Snow! But just a little. A dusting. No one ever looks at the dust on the tabletop and thinks “a minor snowfall,” but when large white flakes cover everything just a bit, it’s a Dusting. Good Lord, if your house looked like that, you’d think you were sloughing off skin cells by the pound. Also: when you remove the dust, it’s doing the dusting. When the snow falls lighting, it’s A dusting. When you remove the snow from the steps, you dust them off.

I need to get out of here

Never felt that so keenly as today, and it wasn’t that bad. Low twenties. But I got that strange helpless fatalism: you won’t get out. Oh, you may leave for a while, but it’s like nailing Mr. Fantastic’s feet to the floor. YOU’LL BE BACK. Or Elasta-girl, if you wish. Or Plastic Man, who was the second stretchy guy, after the short-lived . . . what was it, Plexo? Plex? Flexo.

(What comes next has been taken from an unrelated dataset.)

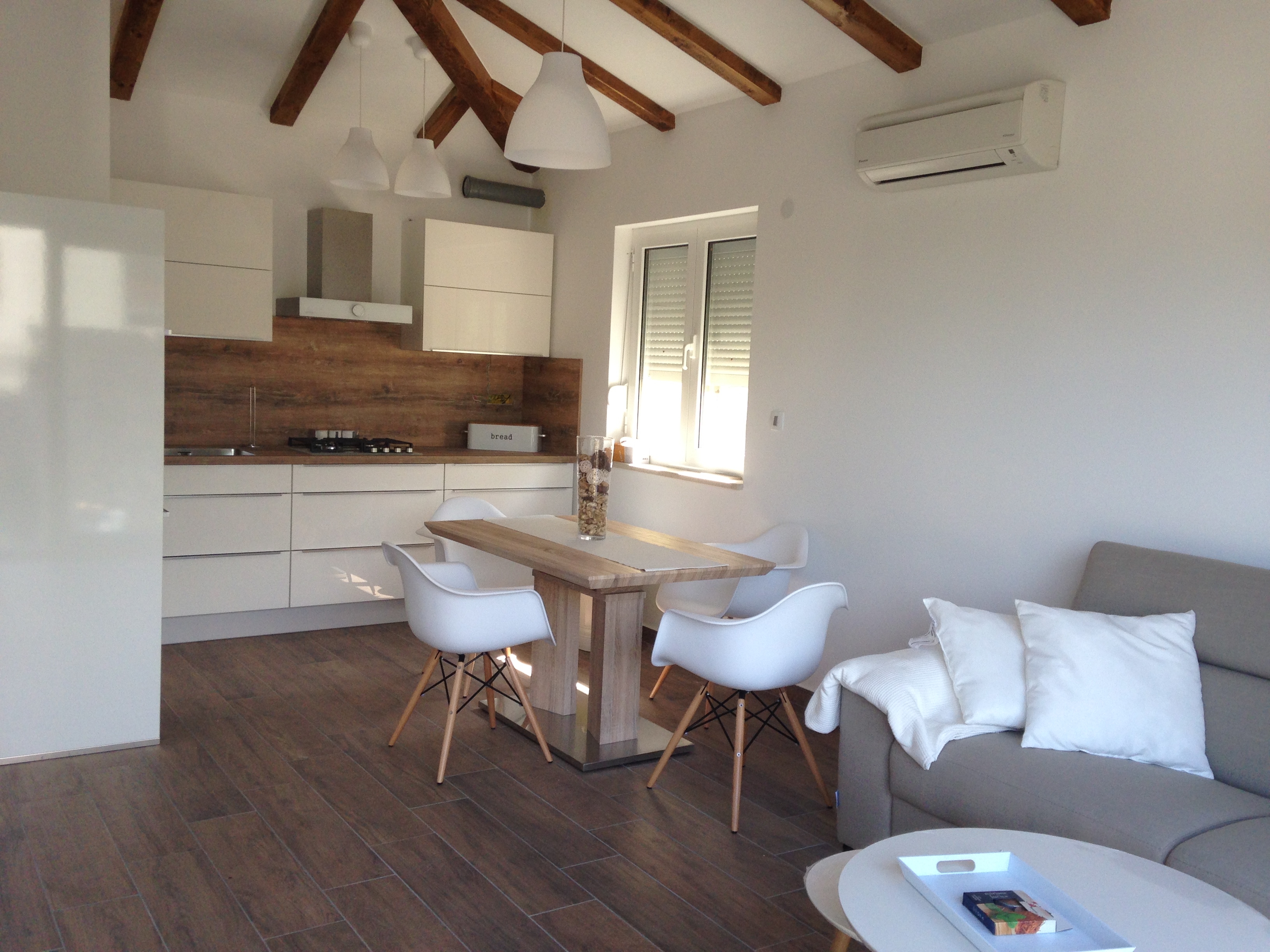 House can accommodate 6 guests. Beds are situated in 2 sleeping rooms, but also in the living room, within 50m2. Guests can use a private terrace to enjoy the warm summer evenings. For full enjoyment and relaxation there is a private barbecue for this accommodation guests only. This accommodation unit welcomes pets at an additional charge. INCLUDED IN THE PRICE: tourist tax, final cleaning, air-conditioning, central heating, parking, internet, baby cot, iron, ironing board, hairdryer. OBLIGATORY ADDITIONAL COSTS: short stay fee (surcharge depending on a number of booked nights: 30% - 1, 20% - 2, 10% - 3). OPTIONAL ADDITIONAL COSTS: pets (€5.00 per night). The availability of additional services for your chosen dates of stay, as well as their prices (if none are listed) must be checked ahead of time. Any additional services not shown in the price calculation are payable directly to the property owner and only if used by the visitor.

Fun fact about the creator of Plastic Man, Jack Cole - he grew up in PA, and “at age 17, he bicycled solo cross-country to Los Angeles, California and back.”

Your first thought might be “he probably came from a really large family, which didn’t miss him for a while.” Well, third of six kids. He got into comics and drew the Spirit while Eisner was away at war, and was tasked with creating a copy - Midnight, which was horrible.

Midnight, the alter ego of radio announcer Dave Clark, wore a similar fedora hat and domino mask, and partnered with a talking monkey—questionably in place of the Spirit's young African-American sidekick, Ebony White.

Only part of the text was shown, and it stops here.